Against this backdrop, it was truly criminal for the Trump Administration to walk away from the Paris Climate Accords. When it did so, China and India could have been justified to walk out also. Why? Many in the West focus on the fact that China is today the largest current emitter of greenhouse gases at 28 percent of total annual flows, compared to 15 percent for America. Yet, global warming is not happening just from the current flows of emissions. It is also the result of the historical stock of greenhouse gas emissions put into the atmosphere by Western countries since the Industrial Revolution. Here the numbers are clear. America and Europe have contributed the largest amounts: 25 percent and 22 percent respectively. By contrast, China has only contributed 12 percent. India has contributed a mere 3 percent.

It’s therefore very wise for President Joe Biden to convene a climate summit. The evidence is clear. Unless humanity works together very hard, we will not meet even the minimal goal set by the Paris Climate Accords: to prevent a global temperature increase at more than 1.5 percent. Yet, while it’s wise for Biden to convene this summit, it can only succeed if he can persuade his fellow Americans that saving our planet is the highest moral imperative. Hence, if we are all on the same sinking ship, we must set aside all our differences, including our geopolitical differences, to save our only sinking ship. Sadly, for the reasons that I have documented in “Has China Won?” (or in French, Le Jour ou la Chine va Gagner), it will be difficult to pause this geopolitical contest. Hence, the rest of the world, especially key actors like Europe, ASEAN, African Union, Arab League, India and Japan, must come together to send a common message that the moral imperative of saving our planet is more important.

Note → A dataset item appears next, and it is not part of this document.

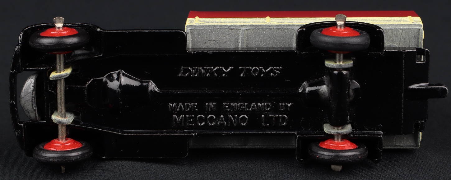 A scarce early Dinky model that would never have been individually boxed. Bright cream and red finish, complete with an undented tinplate canopy, type 4 chassis, intact radiator and headlight assembly. 20 mph hour label is still in place at the rear. Issued between 1947-50, (would have been sold from a shopkeeper’s trade box of 6).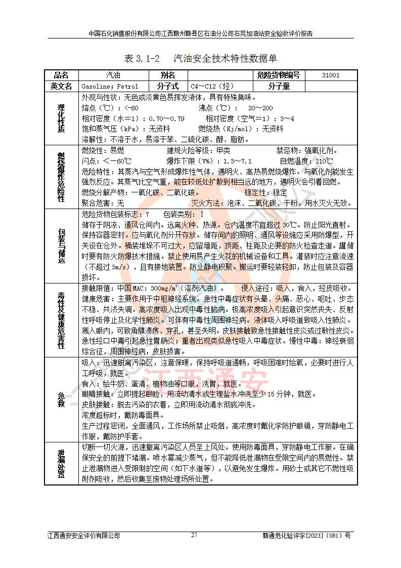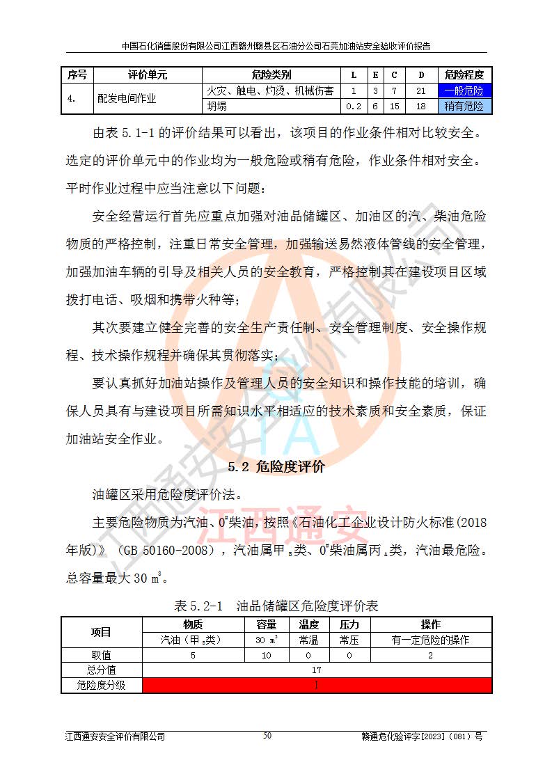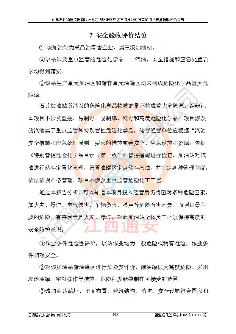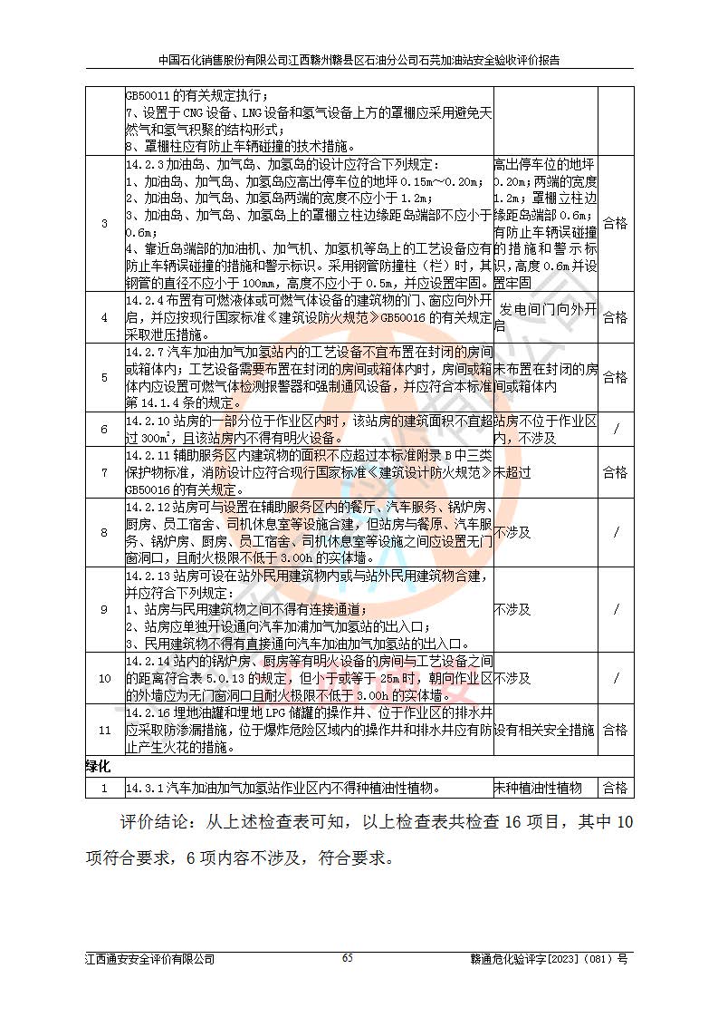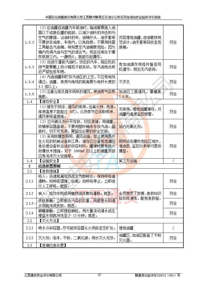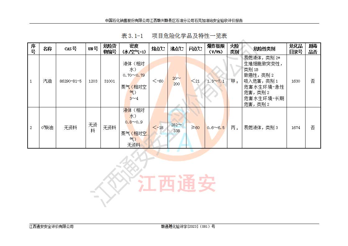 其它 | ①该加油站为成品油零售企业,属三级加油站。 ②该站涉及重点监管的危险化学品——汽油,安全措施和应急处置要求均得到落实。 ③该站生产单元加油区和储存单元油罐区均未构成危险化学品重大危险源。 石芫加油站所涉及的危险化学品物质的量不构成重大危险源。经辨识本项目不涉及监控、易制毒、易制爆、剧毒和**危险化学品;项目涉及的汽油属于重点监管和特别管控危险化学品,储存经营单位应根据“汽油安全措施和应急处理原则”要求的措施完善安全、应急设施和资源;依据《特别管控危险化学品目录(**版)》管控措施进行检查,加油站对汽油进行储存定置化管理,设置油罐区**储存汽油,并制定各种管理制度,依法依规严格管理。项目不涉及重点监管危险化工工艺。 通过本报告分析,可以知道本项目投入经营后仍将面对多种危险因素,如火灾、爆炸,电气伤害、**伤害、噪声等危险有害因素。而项目*主要的危险、有害因素是火灾、爆炸,对此加油站全体员工**保持**的安全防护意识。 ④作业条件危险性评价,该站作业均为一般危险或稍有危险,作业条件相对安全。 ⑤对该加油站储油罐区进行危险度评价,储油罐区为**危险。采用埋地油罐、密封操作等措施,危险程度能控制在可接受的范围。 ⑥该加油站站址、平面布置、建筑结构、消防、安全设施符合**和行业相关标准、规范的要求。 ⑦加油站安全现场检查经整改后符合要求。 ⑧该加油站现场情况和设计总平面布置图总体相符,安全设施运行正常**。符合**和行业相关标准、规范的要求。 ⑨该站安全生产管理制度齐全,安全管理制度及劳动保护用品管理制度执行情况良好,可以满足正常运行过程中的安全生产的需要。 综上所述:中国石化销售股份有限公司江西赣州赣县区石油分公司石芫加油站符合危险化学品经营单位的安全经营条件。 | ||||

Similarly, the moral imperative of preventing another pandemic is equally important. Surely, this is the big lesson that COVID-19 is trying to send humanity. As far as COVID-19 is confirmed it doesn’t care whether you are French or German, Chinese or American, Indian or Pakistani, Israeli or Palestinian. It doesn’t see any differences. It only sees a common humanity today that provides a good environment for the virus to grow and thrive. If there were any doubts that all 7.8 billion belong to a common humanity, COVID-19 has eradicated them completely.

Hence, if human beings represent, in theory, the most intelligent species of planet earth, the most sensible thing that this most intelligent species can do is to set aside all their differences and focus on fighting a common enemy first. Here too, future historians will be shocked that the Trump Administration could not even press the pause button on the Sino-American geopolitical contest to fight COVID-19 together first. A return to our ship analogy will drive home the stupidity of this. If a fire breaks out on the only ship in the ocean, with no rescue ship nearby, the stupidest thing that any passengers could do is to start an argument about who started the fire, instead of fighting the fire first. Yet, this is exactly what the Trump Administration did.

The point of highlighting all these follies is to make a simple point. The human condition has changed fundamentally in the 21st century. All 7.8 billion of us live together in a small planet, a planet in peril. The moral imperatives of eliminating poverty, rescuing our planet and preventing pandemics are far more important than the differences we have. Let’s use these three moral imperatives to persuade America and China to set aside their differences and save humanity first.

by Kishore Mahbubani, Distinguished Fellow at the Asia Research Institute, NUS

Kishore Mahbubani, a distinguished fellow at the Asia Research Institute of the National University of Singapore, is the author of  Has China Won? (Public Affairs, 2020). He was selected as one of Prospect magazine’s top 50 world thinkers in 2014.